When it comes to the media I choose my poison wisely; and twitter is my poison of choice. Every time Donald Trump promises to “build a wall” or temporarily ban Muslims from entering the country, my twitter feed goes nuts. Between Trump and the pro-Hillary “#Imwithher” hashtags, I exist in exile, wondering if somewhere on a distant lonely star, there are people stuck in the middle like me.
There are. The silent majority in the Western world do not like either candidate. Hillary Clinton is the grand dame of neo-liberalism; the same generation of leadership that ushered in university tuition fees, supported War in Iraq, and presided over the greatest economic collapse since 1929 – in-between giving really, really, expensive talks on Wall Street. Her audacity is almost admirable. Almost.
Donald Trump would do all of these things too, by the way. But at least he’d do it with guns, with the flag, and without swapping friendship bracelets with Joe Biden. If the unthinkable happens and the next President of the United States is in fact a hamster, Trump will tone down the populist rhetoric and urgently move to mend fences with the Arab World. His own party will encourage this as a geopolitical imperative, and the Republican base will give him the benefit of the doubt, so long as they get a vaguely chauvinist sound bite that helpfully equates Islam with Terrorism every so often.
If Hillary Clinton inherits power, the planet will spend the next four years watching America virtue-signal just about everything and we’ll all be wearing bio-tagged friendship bands to monitor our empathy levels. But don’t expect the micro-wars in the Middle East, or the relationship with Russia, to cool down any time soon. The choice between the candidates is about style, not substance.
The good news is that, outside of what journalist Glenn Greenwald has acerbically labeled the “court press,” apathy is turning into forced reflection. How did we get here? I have no idea. But for tweeps in the Middle East trying to figure out how the hell my generation in the West can still be conflicted about Clinton – given the end-of-the-world crazy other guy – I’d like to cast back to a pre-historic period, known as 2008
It was the year Barack Obama promised an entire generation “Change You Can Believe In.” I remember “HOPE” in big capital letters, emblazoned on television screens and newsprint everywhere in Europe. When Obama won the Presidency, friends and family huddled around in the kitchen to watch his inauguration address. The optimism was infectious. The United States was back. Only it wasn’t.
Eight years later, there are over 65.3 million individuals displaced across the planet. That’s the largest number of human beings displaced in human history – greater than after the Second World War. The overwhelming majority are refugees as a direct result of wars in the Middle East.

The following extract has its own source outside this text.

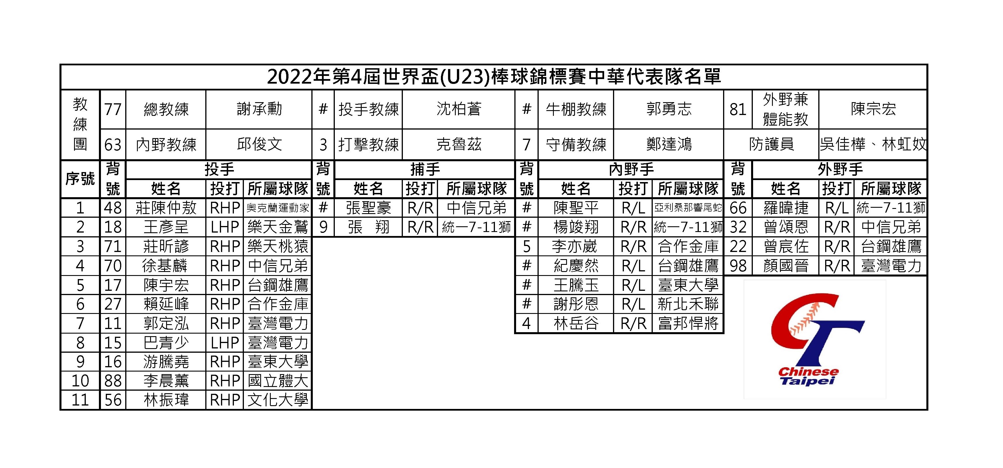 中華棒協今天公布U23世界棒球賽中華隊最後名單,中華職棒樂天桃猿莊昕諺,統一獅張翔、楊竣翔、羅暐捷,中信兄弟曾頌恩、張聖豪,以及旅外球員王彥程、莊陳仲敖、陳聖平都入選。

Today the US economy is growing steadily yet income equality and social mobility – that promise of the heart of the western social contract - are at historic lows, according to Pew research. An article in the Atlantic suggests that nearly half of all Americans would have trouble finding 400 dollars in an emergency. Legitimate questions over the Trans Pacific Partnership Trade Deal, or why an American citizen has been forced into exile in Russia, have been left unanswered.
If Twitter has helped in any way, it’s to bring these issues into stark perspective. The network seems engineered at birth to amplify existing narratives and culture wars – but not change them. We saw this with the Arab Spring. We see it in the battles over race, gender, class and Islam itself that take place online every single day, and are tangential to global problems that are shared across borders, regardless of what you happen to believe in. The fact that the best thing the internet has to talk about in the United States and Middle East is Clinton, Trump or a US election that feels like 1993 all over again, is really quite disconcerting. I’m a little bit tired, of choosing my poison.
John Lillywhite is a policy analyst based in the Middle East.